■ DATA BELOW
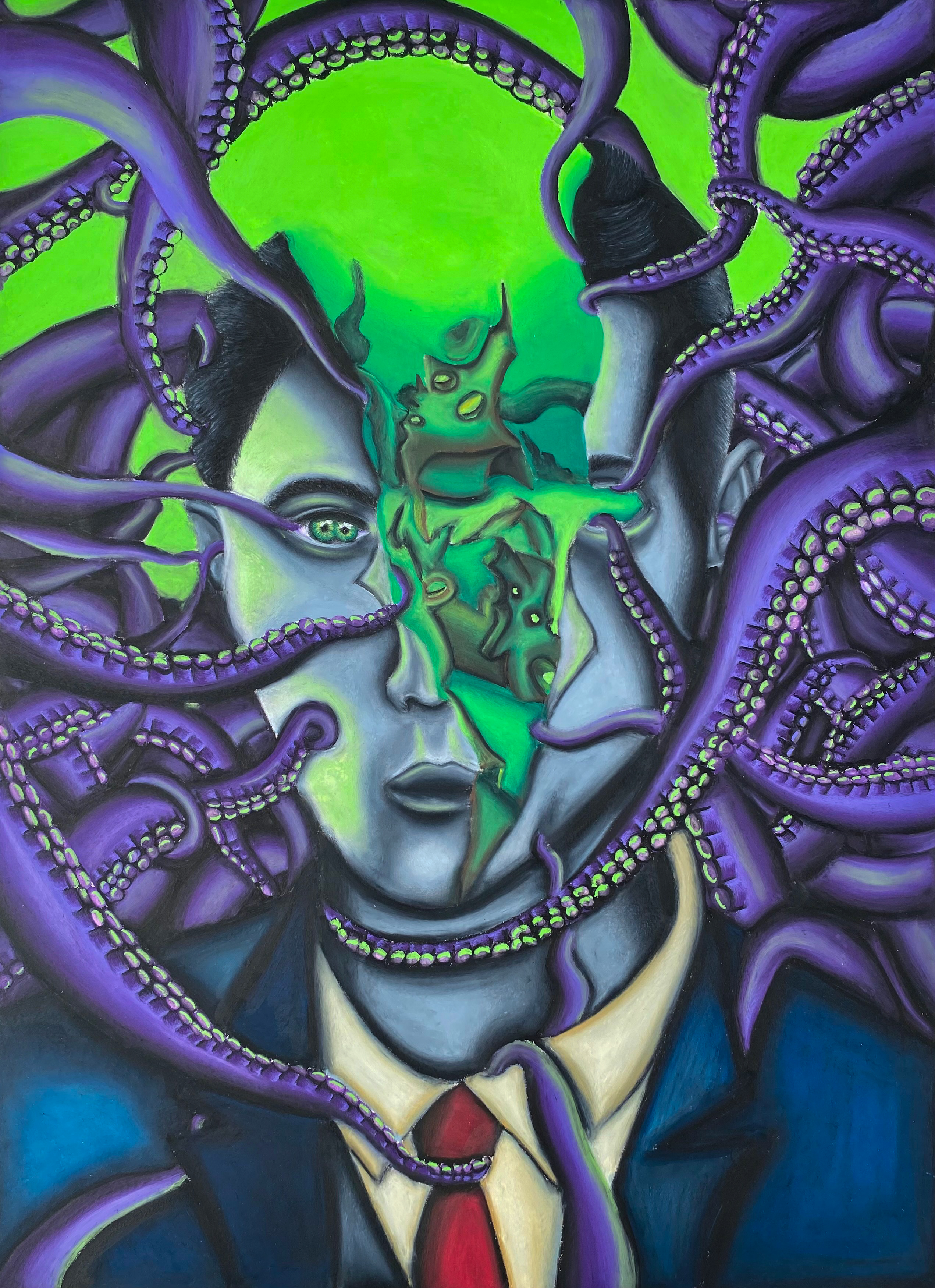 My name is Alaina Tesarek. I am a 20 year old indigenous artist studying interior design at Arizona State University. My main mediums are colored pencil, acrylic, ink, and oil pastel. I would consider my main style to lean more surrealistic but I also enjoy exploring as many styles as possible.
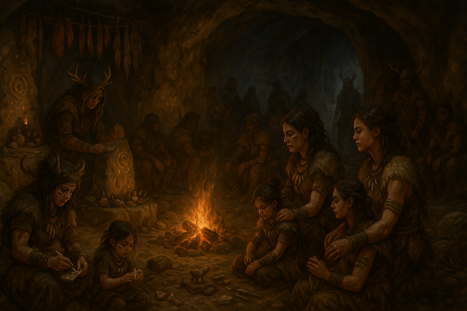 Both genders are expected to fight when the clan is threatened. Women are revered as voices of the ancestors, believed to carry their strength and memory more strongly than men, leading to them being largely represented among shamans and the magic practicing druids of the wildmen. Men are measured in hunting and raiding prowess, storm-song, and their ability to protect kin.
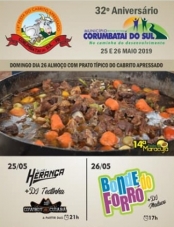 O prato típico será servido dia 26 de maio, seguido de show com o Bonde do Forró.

■ DIRECTIONS FOR THIS TASK
Reproduce the listing exactly, but keep its images out of the copy.

■ EXERCISE SOLUTION
 My name is Alaina Tesarek. I am a 20 year old indigenous artist studying interior design at Arizona State University. My main mediums are colored pencil, acrylic, ink, and oil pastel. I would consider my main style to lean more surrealistic but I also enjoy exploring as many styles as possible.
 Both genders are expected to fight when the clan is threatened. Women are revered as voices of the ancestors, believed to carry their strength and memory more strongly than men, leading to them being largely represented among shamans and the magic practicing druids of the wildmen. Men are measured in hunting and raiding prowess, storm-song, and their ability to protect kin.
 O prato típico será servido dia 26 de maio, seguido de show com o Bonde do Forró.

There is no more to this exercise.